I kept getting "your AI visibility is low" reports from various tools that wouldn't tell me
*why*
. Was the block in robots.txt? At the CDN? At origin? Different fixes, different teams.
I guess this sits somewhere in the "generative engine optimization" bucket, but I wanted the tool to stay very concrete: can these crawlers reach the site, and if not, where are they being blocked?
So I wrote a small Node CLI that just answers that question deterministically:
```
npx u/geosuite/ai-crawler-bots robots https://my-site.com
```
What it actually does:
- Parses robots.txt with line-level provenance — when a bot is Disallow'd it tells me
*which line in which group*
.
- For each tracked bot (24 right now: GPTBot, ChatGPT-User, OAI-SearchBot, ClaudeBot, PerplexityBot, Perplexity-User, Bytespider, etc.), reports the verdict.
- Detects Cloudflare's "Managed Content" markers (`# BEGIN Cloudflare Managed content` … `# END`) and tells me whether my own rules would've allowed the bot.

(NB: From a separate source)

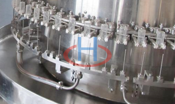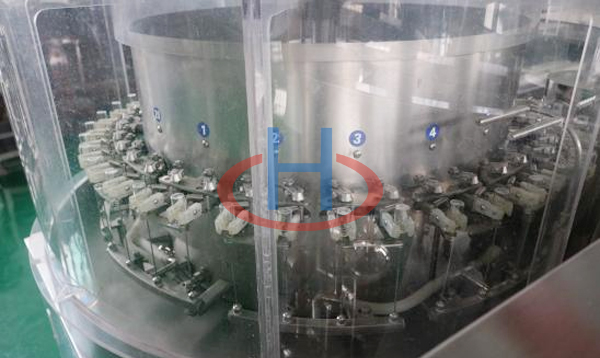 This machine can automatically complete the processes of bottle feeding, bottle water filling, ultrasonic cleaning, bottle external cleaning, bottle internal cleaning, bottle unloading, etc. The bottle is driven by the conveyor belt into the bottle water filling area. After the water filling system fills the bottle with water, the bottle is ultrasonically cleaned in the water tank. After cleaning, the screw separates the bottle and sends it to the lifting wheel, which is lifted and sent to the robot to clamp and turn 180 degrees so that the bottle mouth faces downward, and then the robot sends the bottle to the fine washing area.

- Also has a `check <url>` mode that does an actual HTTP probe with each bot's UA, and distinguishes edge blocks (CDN fingerprints) from origin blocks. Different remediation.
Zero runtime dependencies, MIT, Node 20+. Source: github.com/TryGeoSuite/ai-crawler-bots
There are three companion tools in the same scope:
- `@geosuite/schema-templates` — 23 schema.org JSON-LD templates + offline validator.
- `@geosuite/llms-txt-generator` — sitemap.xml → llms.txt.
- `@geosuite/sitemap-builder` — crawl + valid sitemap.xml for custom sites without one.
Honest disclaimer: I also build a hosted SaaS (trygeosuite.it) on top of similar logic, but the four CLIs are MIT and stand alone. I open-sourced them because I find it dishonest to sell a black box that does things any dev can verify.
Curious what other people are using to debug AI bot reachability — especially anyone running through Cloudflare, Akamai, or Vercel. The "managed content" injection broke my mental model the first time I hit it.